The oil market is experiencing its strongest start to the year since 2022, fueled by supply shocks and sanctions that have disrupted expectations of a surplus. Now, traders are rushing to hedge against the possibility of another US strike on Iran.
Increased activity in the futures and options markets has pushed crude prices higher, with Brent crude futures hitting a seven-month high above $72 a barrel on Friday, and some analysts see a risk premium that could reach $10.
A shift in the oil market
This surge – which has seen Brent crude rise by about 18% since the end of last year – represents a remarkable shift compared to just a few weeks ago, when traders were focused on expectations of a record surplus, particularly at this time of year.
Instead, an unexpected force has emerged: supply disruptions in the United States and Kazakhstan, coupled with a reluctance to buy sanctioned crude, exacerbated by escalating geopolitical risks—from Venezuela to Iran—where President Donald Trump may order new strikes in a region that accounts for roughly a quarter of the world’s seaborne oil trade.
Gary Ross, a veteran oil consultant turned hedge fund manager at Black Gold Investors, said: “You have a potential war, and that’s the overriding factor, but it’s coming in a much tighter market than traders anticipated. I’m going to take my precautions, and I wouldn’t want to hold short positions in this market.”
Trump told reporters on Friday that he was considering a limited strike against Iran after assembling the largest US force since 2003. Axios reported that a US attack on Iran could come sooner than expected and look closer to a full-blown war.
Jump in oil futures contracts
The number of open Brent crude futures contracts has risen to a record high this year, while last month saw record trading in options contracts to hedge against further price increases. Volatility has soared to its highest level since the last US airstrikes on Iran in June, and traders have been charging premiums for the longest period in years to protect themselves from a sharp rise.
Jorge León, head of geopolitical risk analysis at Rystad Energy, said: “The likelihood of limited strikes and limited retaliation from Iran seems lower this time. That worked last year, but now I have a feeling it’s either a nuclear deal or a wider escalation, nothing in between.”
The expansion of global production is curbing prices.
However, the fact that prices have not risen to higher levels reflects the scale of the expansion in global production.
U.S. Energy Secretary Chris Wright said this week that the United States' dominance in energy has made its foreign policy less vulnerable to supply shocks.
OPEC and its allies gradually increased production last year. Similarly, supplies from outside the group reached a record high, pushing global production to 108 million barrels per day by the end of 2025, according to estimates by the International Energy Agency. This exceeds consumption by approximately 3 million barrels per day during the same period, according to its data.
Supply disruptions
However, the first weeks of January showed how unexpected production constraints could quickly narrow the gap.
Exports of CPC Blend crude from Kazakhstan have fallen to their lowest level in nearly a decade, a consequence of a combination of drone attacks, maintenance work and damage to a production facility, and adverse weather conditions. Meanwhile, a severe cold snap in the United States contributed to two of the four largest declines in US oil inventories this century. Crude stocks alone fell by 9 million barrels last week.
Although production in both countries has since recovered, the disruptions helped erode Western stockpiles at a time when they were expected to rise rapidly.
All eyes are on Iran
On the other hand, physical oil traders are also closely monitoring the situation in Iran.
Some refineries in Asia, the largest consuming region, have begun inquiring about the availability of shipments from areas outside the Arabian Gulf to hedge against the risk of disruption.

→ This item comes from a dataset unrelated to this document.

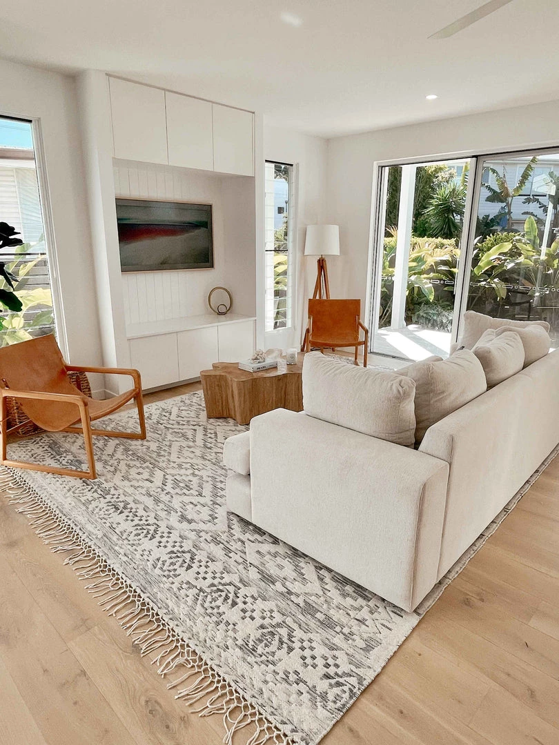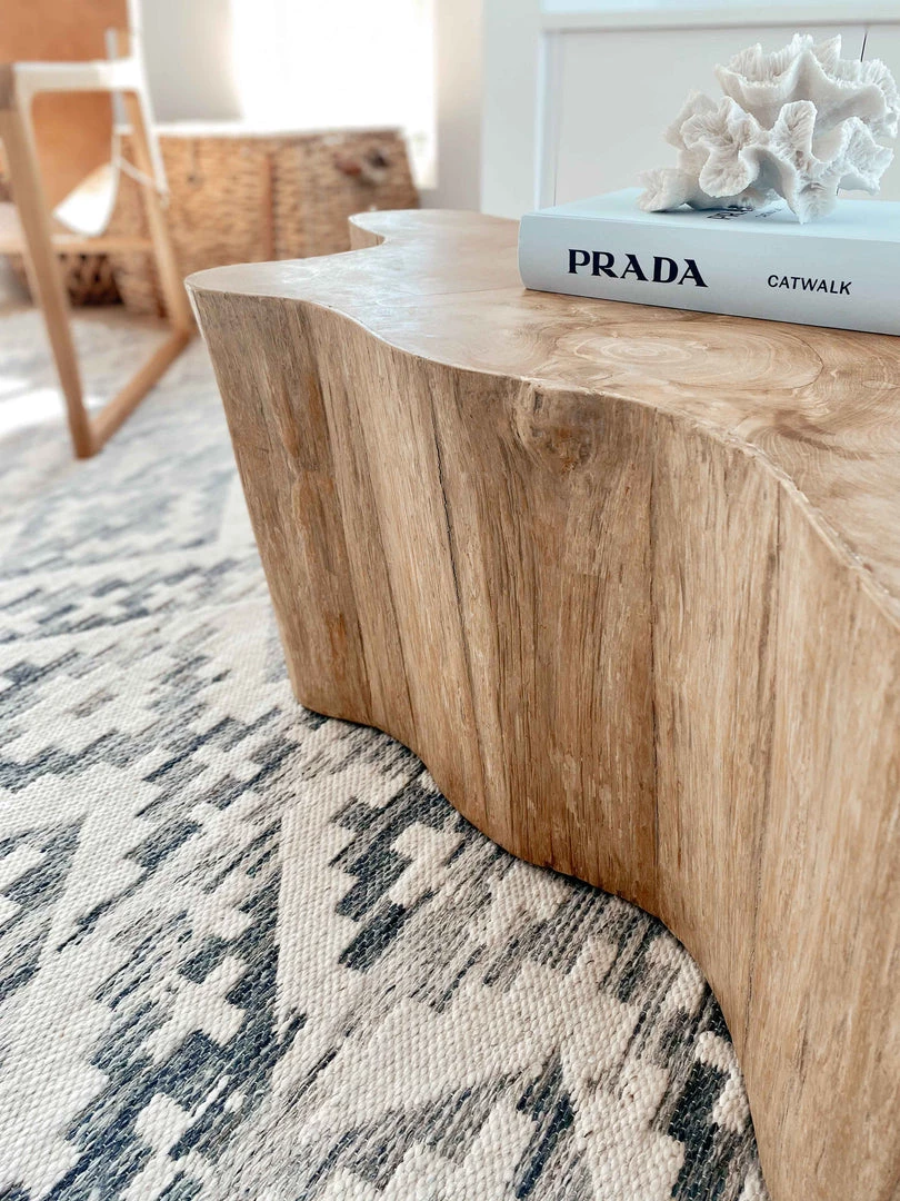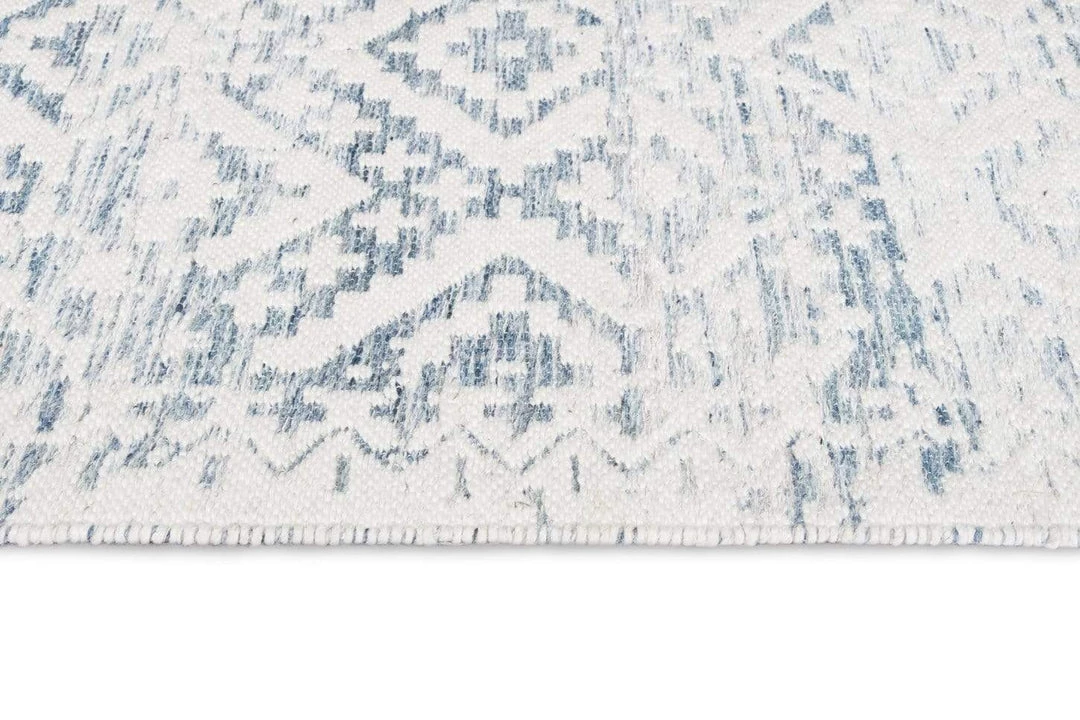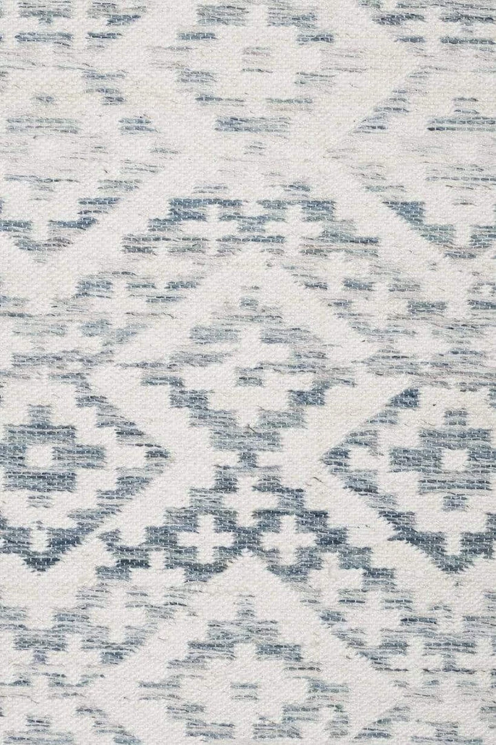 A unique and intricate diamond tribal print with a transitional multi-toned palette of blue, grey and ivory. This high design piece would blend beautifully in a modern, tribal, scandi, bohemian or coastal-inspired interior.

The charter rates for supertankers, whose supply was already constrained, also jumped, partly in anticipation of a US move. The largest vessels in the market are earning more than $150,000 a day, the highest level since the pandemic when many were used to store unwanted barrels.
Shipping rates have increased due to tensions in recent days, after Iran announced earlier this week that it had temporarily closed part of the narrow Strait of Hormuz, through which one-fifth of the world's oil supply passes.
Rob Thamel, portfolio manager at Tortoise Capital Advisors, said: Currently, the focus is overwhelmingly on Iran and what will happen in the Strait of Hormuz. This is the most important question of all.